The trial itself was a joke, lacking in all the components of a properly designed test. It wasn’t based on prior laboratory experiments, no control group was assigned, no data was collected, and no plans were made for follow-ups.
During the procedure, the patients had some of their fat cells (i.e. adipose tissue) removed, along with a standard blood withdrawal. The fat tissues were then processed with an enzyme to draw out stem cells. Once plasma was isolated from the blood and added to the stem cells, the mixture was injected into both eyes of each patient—yes, both eyes. Again, another serious clinical no-no; normally, only one eye would be injected for an experimental procedure like this in the event that something should go wrong. The entire procedure lasted less than an hour.

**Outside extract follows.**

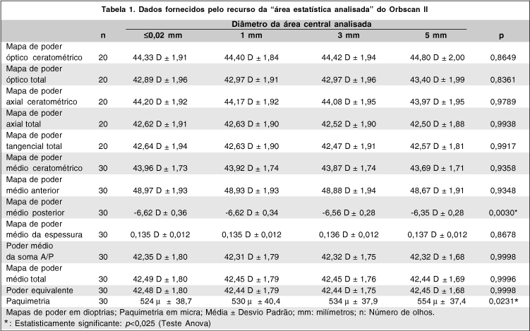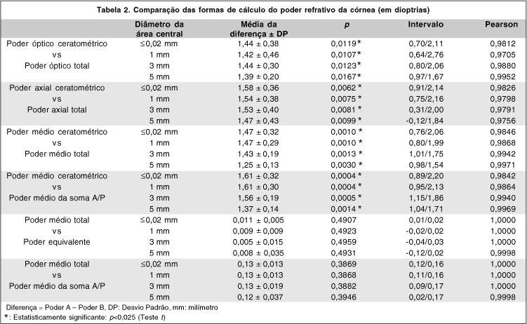 ABSTRACT PURPOSE: To evaluate the dioptric power of the normal central cornea. METHODS: Retrospective analysis of combined slit-scanning and Placido-ring topography in 30 normal eyes. RESULTS: Keratometric-mean, anterior-mean, thickness-mean, and total-mean powers; keratometric-optical and total-optical, keratometric-axial and total-axial, and total-tangential powers; equivalent power and the addition of anterior and posterior mean powers, were similar (p>0.8361) in the four analyzed central areas with 0.04, 1.0, 3.0, and 5.0 mm diameter. The posterior-mean power decreased (p=0.0030) from -6.62 D to -6.35 D. The average thickness increased (p=0.0231) from 524 µm to 554 µm, representing 0.13 D of total-mean corneal power. Keratometric-optical (p<0.0167), keratometric-axial (p<0.0099), and keratometric-mean powers (p<0.0030) were approximately 1.5 D more positive than the respective total powers. Total-mean power was equal to equivalent power (p>0.4907), and to the addition of anterior-mean and posterior-mean powers (p>0.3868). Anterior-mean power was about 7.5 greater than posterior-mean power. CONCLUSIONS: The real power of the cornea calculated using both surfaces, its thickness, and the physiologic refraction indices is smaller (less positive) than the power usually accepted and determined by the anterior corneal surface radius and the keratometric index of refraction (F

A week later, all three women were blind. As noted in the NEJM report, the blindness was accompanied by detached retinas and hemorrhaging.
The patients’ severe visual loss after the injection was associated with ocular hypertension, hemorrhagic retinopathy, vitreous hemorrhage, combined traction and rhegmatogenous retinal detachment, and lens dislocation. After one year, the patients’ visual acuity ranged from 20/200 to no light perception.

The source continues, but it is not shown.